In this section, the analysis and discussion of the results that were obtained via the Matlab interface are portrayed, followed by the application of the chi-square test as a statistical tool used for proving the research null hypothesis and the drawn conclusions. The research null hypothesis was that the loudness would be the most significant parameter in terms of human annoyance with a particular sound signal, followed by the duration and the loudness growth rate.

3.1. Results from Matlab

Table 1 shows the results obtained from this research for the children’s screams, a car passing by and the sound of the grinder.
In the case of the children’s screams, the listening results showed that this short signal becomes annoying at the mean amplitude parameter value of 0.51. Furthermore, since the amplitude potentiometer was set from 0 to 1 (where 0 indicates 0 dB and 1 denotes 70 dB), it can be concluded that 0.51 corresponds to the absolute sound pressure level of 35.70 dB above the level of the stream acoustic environment, which corresponded to 85.70 dBA or 15.60 sones including both stream sound environment and short signal.
Following the same analogy for the passing of a car, a mean amplitude parameter value of 0.42 was obtained which corresponded to the absolute sound pressure level of 79.40 dBA or 14.75 sones.
Finally, for the sound of the grinder, it was concluded that the sound becomes irritable at a mean value of the amplitude parameter 0.47, which is equivalent to the absolute sound pressure level of 82.90 dBA or 14.95 sones.

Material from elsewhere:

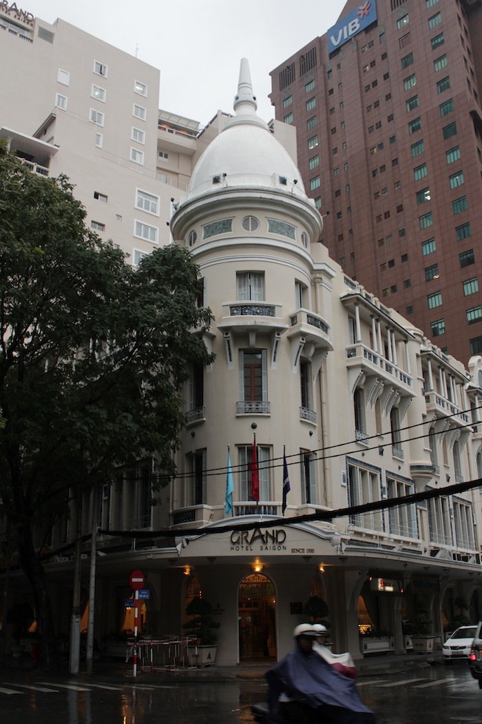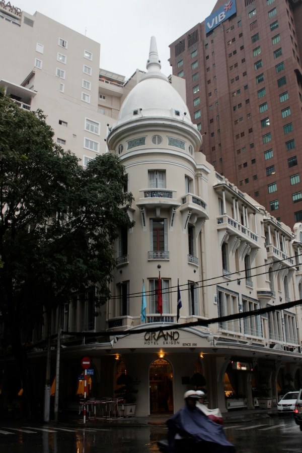 The Grand Hotel (1930), the third most famous hotel on the street, after the Continental and the Majestic. It was once known as the Saigon Palace Hotel. The art deco façade has been retained, but the building is now topped by a multi-storey tower.

The loudness values were calculated using the Zwicker’s loudness model [32,33,34,35,36] for each short signal including the background stream acoustic environment, using the 100 milliseconds time intervals.
When analyzing the duration of the short signals, the mean values were obtained in the following order: for the screaming children, 1.10, for the car passing by, 0.98, and for the grinder, 0.92. The duration potentiometer has a range of 0–2, where 0 means zero seconds and 2 means two seconds. It can now be concluded that all three short signals for the majority of listeners become annoying after a minimal duration of one second.
Furthermore, the mean values of the amplitude growth rate were obtained: for the children’s screams, 0.55, for the cars passing by, 0.63, and for the grinder, 0.54. In addition, the signal’s amplitude growth level is expressed in sones per second and the mean values are the following: 17.30, 16.67 and 16.21 sones per second.
If we observe the obtained mean results for the three distracting short signals (shown in Table 1) it can be concluded that the “most important” parameters, regarding the human annoyance with a particular sound, are the amplitude and the duration. The test has shown that the sound will become annoying to the listener if its sound pressure level is at least 34.30 dB above the level of the stream acoustic environment and if the sound is no shorter than one second.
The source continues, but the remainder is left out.